# 2004 5.4L, 2 or 3 valve?



## cjasonbr

How do i tell how many valves i have? I read somewhere that 2004 was the transition year - so some have 3 valves. Anybody know? Thanks in advance for any input.


----------



## cjasonbr

Answer: Compare Vin code to this http://en.wikibooks.org/wiki/Vehicle_Identification_Numbers_(VIN_codes)/Ford/VIN_Codes

uhhuhhuh


----------



## ggwash21

IS your truck the new body style? If its the new body style it will have 3v i'm not sure if they put the new motor in the old style that was also made in 2004


----------



## FordFisherman

So in engine codes how do you decipher if its 2 or 3 valve?


----------



## ggwash21

what vin code do you have? get it and call the dealer thy will tell you.I wanna say my motor says 24valve on the top. i would have to run out and look.


----------



## ggwash21

My truck says on the air box 5.4l 24V Triton


----------



## RichG53

You got one of those sites for CHEVY.....Codes.....


----------



## FordFisherman

Your truck is an 01? Mine is an 04 but only says 5.4 on the air box.


----------



## ggwash21

RichG53;640699 said:


> You got one of those sites for CHEVY.....Codes.....


 look up GM codes etc

My truck is a 2004 "new body style" with 5.4l 24v


----------



## FordFisherman

Do you have a pic? When you say "new body style" 99 to 04 were the same, no?


----------



## ggwash21

97-03 are older body style and in 04 they made whats called the heritage style and New style 
This is my truck this is 04-08 body style


----------



## Niteman9

ggwash21;641315 said:


> 97-03 are older body style and in 04 they made whats called the heritage style and New style
> This is my truck this is 04-08 body style


You keep talking about old and new body style. Yours is a F-150 not a super-duty. His is a F-250 all basically same body style from 1999 to 2008.


----------



## ggwash21

And where in all the posts does he say he has a super duty? Not anywhere did he say superduty..... So my bad..


----------



## 66 BADBOY

The 3V engines did not come out until 2005, both in the 5.4 and 6.8.


----------



## ggwash21

66 BADBOY;643586 said:


> The 3V engines did not come out until 2005, both in the 5.4 and 6.8.

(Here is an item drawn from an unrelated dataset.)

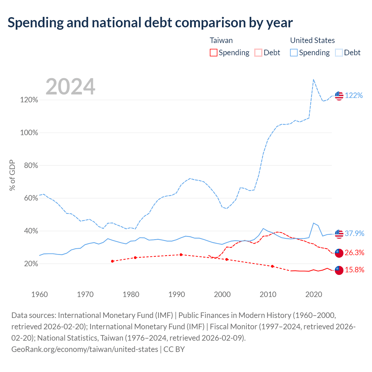 Taiwan has $211B in government debt (26.3% of GDP), compared to $35.2T (122.3% of GDP) in the United States.

Wrong, i have a 2004 thats pictured there with a 5.4L 24V


----------



## ken75ranger

66 BADBOY;643586 said:


> The 3V engines did not come out until 2005, both in the 5.4 and 6.8.





ggwash21;643875 said:


> Wrong, i have a 2004 thats pictured there with a 5.4L 24V


Your both right. The 3v 5.4 was first availble in the '04 F150. '05 was the first year for the Super Duty line.


----------



## ggwash21

Sorry when i started it by saying wrong i realized it sounded kinda d%$kheadish lol . Even though my truck is gas it sounds like a mini diesel something about the cam phase or something.


----------